这个行业里狼多肉少,被涮是常事,杨炯这次却格外的失落。他也说不上是因为情场职场双双失利,还是因为赵铭那天戳到了他的痛处——赵铭问他,你一个群演的出路在哪呢?
其实他当时特想反问回去,你一个小经纪人的出路在哪呢?这个行业里从演员到导演,从经纪到制片,哪个职业不是先看人脉再看钱,最后才看能力的?谁都想赢,想出名,想挣钱,可是事实却是这个社会百分之八十的人都是普普通通的无名之辈。我现在不说多喜欢这份工作,但是踏踏实实能挣份钱也挺好啊,干嘛你们都瞧不起人,好像我混不出名就多憋屈似的?
……虽然多少有点点失落。
可是这话他也就想想,说出来得罪人,对他也没什么好处。
杨炯觉得有些无奈,问了下公司暂时没有别的安排,干脆请假回家了。
可是回家又待不住,决定拿点钱出去败货东西。
傅惟演打电话的时候他正在花鸟市场闲逛,春节已过,杜鹃茶花和君子兰都降了不少价,年前杨炯听朋友雷鹏说买了一盆君子兰花了二百五,今天一问,小盆的直接给降到八十了。
杨炯也有个一看降价就觉得自己要占便宜的通病,可是这会儿刚被涮掉,他又捏着钱不舍得花,怕下次进账不知道什么时候。又觉得每次一百块只要一破开,眨眼就没了。

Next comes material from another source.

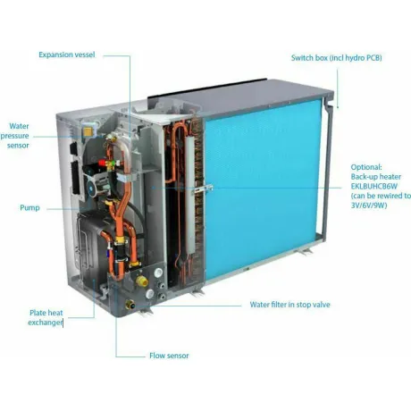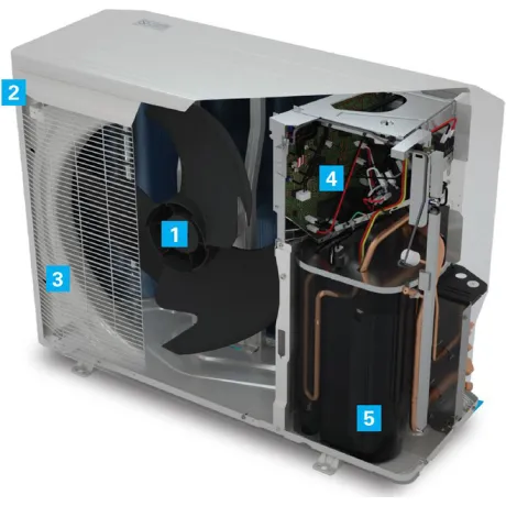 Το σύστημα είναι monoblock, που σημαίνει ότι όλα τα επιμέρους κατασκευαστικά του στοιχεία (όπως για παράδειγμα ο συμπιεστής, ο εναλλάκτης θερμότητας, οι ανεμιστήρες, κλπ), είναι ενσωματωμένα μέσα σε μια μονάδα, η οποία τοποθετείται σε εξωτερικό χώρο. Αυτό σας προσφέρει ευκολία εγκατάστασης και απευθείας σύνδεση με το σύστημα νερού.

手机响的时候他还正在发愁,一看是陌生号,以为是刘制片来电话了。他犹豫半天,心里又打了个腹稿,铃声快断的时候才接起来。
那边的人却上来就问:“你干嘛呢,才接电话。”
杨炯听着口气愣了愣:“您哪位?”
“……你说呢,”那人沉默了几秒道:“傅惟演。”
杨炯:“!!”他这几天存着心事,早忘了傅惟演这事了,衣服还没取呢!
傅惟演咕哝一句,不知道是嘲笑还是其他:“我就说,你微信找不到我肯定不会给我打电话,号码估计早删了吧。”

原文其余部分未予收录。